The Sweet Scent of ….

The Great-Scent-Debate is currently raging through the expat community of the City of Atenas, Alajuela Province, Costa Rica.
No, not really. But there have been some questions about what blooms when and where. Above all, though, the main questions is, from whence cometh this enticing scent, which has been hovering around our delighted noses for a couple of weeks or so? Especially our early evenings are deliciously flavored by an almost overwhelmingly sweet scent. Assuming this heavenly aroma is of plant origin, which seems likely, the following candidates have been put forward. 
A. The blooms of coffee bushes, Coffea arabica, Rubiaceae
B. The blooms of sugar cane, Saccharum sp., Poaceae 
C. The blooms of corn plants, Dracaena fragrans, Asparagaceae
Coffea arabica, Atenas, Alajuela, CR, September 2010
According to all-knowing Wikipedia, coffee indeed has highly fragrant blossoms.
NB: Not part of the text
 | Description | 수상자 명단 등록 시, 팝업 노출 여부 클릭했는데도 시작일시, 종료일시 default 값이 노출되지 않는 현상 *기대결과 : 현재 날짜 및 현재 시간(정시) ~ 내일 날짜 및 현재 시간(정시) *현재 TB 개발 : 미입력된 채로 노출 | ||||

However, there is this tiny timing dilemma. Putting it into only the vaguest of terms, because actual harvest times depend largely on growing altitude and species, we’re smack in the middle of harvest season. I can see for myself that the bushes of my coffee growing compañeros cuidadanos are adorned with bright red berries or cherries, since coffee doesn’t have berries, officially. I’ve also gotten the impression that the Beneficio San Isidro, the processing plant where I buy my coffee, is busier, than last time I purchased there. Lastly, and this cinches the argument against coffee as the generator of our current plethora of scent in the air, my friend Marietta has just harvested her coffee cherries. I’ve seen the picture, it’s true. 
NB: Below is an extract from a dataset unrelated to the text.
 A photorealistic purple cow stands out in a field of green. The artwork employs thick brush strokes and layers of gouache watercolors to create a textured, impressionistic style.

In the case of the sugar cane, I have no opinion. 
I can tell you that sugar cane in modern, large production consortia is both planted and harvested with specialized equipment, which I’m doubtful could be utilized here, in mountainous CR. There are, I believe, several harvests possible per year. My former biological self remembers that sugar cane needs a lot of water and has a high rate of photosynthesis. When and how does it bloom? Are the blossoms fragrant? I just don’t know. Wiki doesn’t mention anything aromatic. It’s a grass and as such a relative to bamboo and rice. Are they fragrant? The world has too many questions.
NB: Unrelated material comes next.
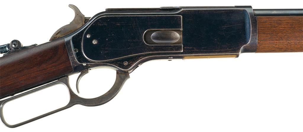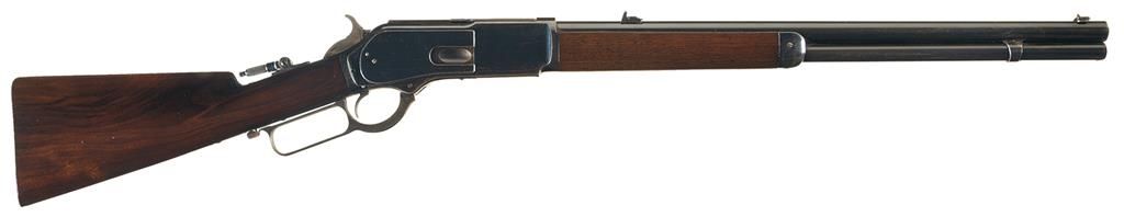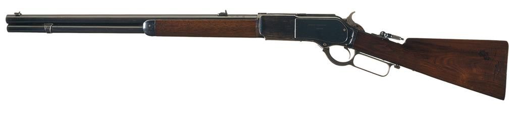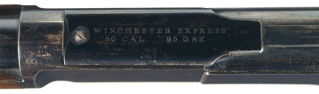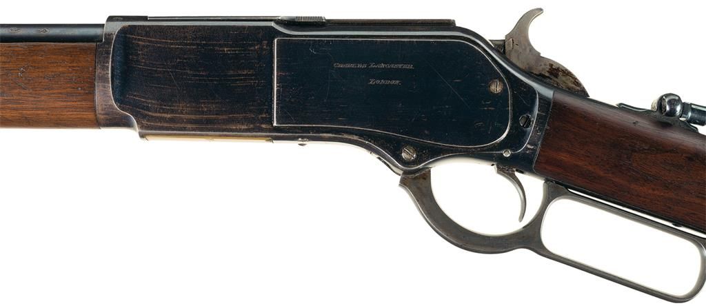 Rare special order, Winchester Model 1876 Short Rifle chambered for the .50-95 Express cartridge. This rifle was manufactured in 1879 and has British proof and inspection marks stamped on the barrel and receiver and British dealer marking engraved on the left side plate. The rifle has the late Second Model receiver with screw fastened dust cover guide rib and dust cover with serrated finger guides. The rifle has a blue finish with casehardened hammer, trigger and lever and straight grain American walnut stock. The 22 inch round barrel has a gold-plated Beach folding combination front sight and rare Winchester Express rear sight with one fixed and four folding leaves. The fixed leaf has a bright sight line and is graduated for 100 yards; the folding leaves are graduated for 150, 200, 300 and 400 yards. A Lyman folding combination rear sight is mounted on the upper receiver tang. In addition to the special order 22 inch barrel, front, rear and tang sights, the stock has a special order, blued steel, shotgun buttplate. The rifle was originally shipped with a half magazine, but is a full magazine, which is of the period. The top of the barrel is roll-stamped with the two-line legend: "WINCHESTER'S-REPEATING-ARMS. NEW HAVEN. CT./KING'S-IMPROVEMENT-PATENTED-MARCH 29. 1866. OCTOBER 16. 1860." ahead of the rear sight. ".50 CAL." is roll stamped on the top of the barrel just ahead of the receiver. British proof and inspection marks are stamped along the left side of the barrel below the rear sight. The top of the dust cover is roll-stamped: "WINCHESTER EXPRESS/.50. CAL. 95 GRS." in two lines. The British dealer's marking: "CHARLES LANCASTER/LONDON" is engraved in two lines on the left side-plate. A London "Crown/V" inspection mark is stamped on the upper left side of the receiver. "50-95" is stamped in script numerals on the bottom of the cartridge elevator and the serial number "14063" is stamped in script numerals on the lower tang behind the lever latch.

My vote goes to scent candidate number three, Dracaena fragrans. We’ve had one, an absolutely gorgeous specimen, which my parents gave us as a housewarming gift, when we moved into our first hose in, oh, let’s just say during the Neolithic age. We had that splendid potted tree through all our moves, barring the last two. We sold it in a garage sale before our second to last move. I’m sure it continued to bring joy to its new family. However, in 25 years of living with a corn plant, there has never been a single blossom! Here in Costa Rica, where Dracaenas or corn plants or Fragrans cane or Dracaena cane or cane plants grow everywhere and then some, they like the climate and weather conditions and they bloom like crazy. This year, it seems, we’ve had a veritable Dracaena blossom bumper crop!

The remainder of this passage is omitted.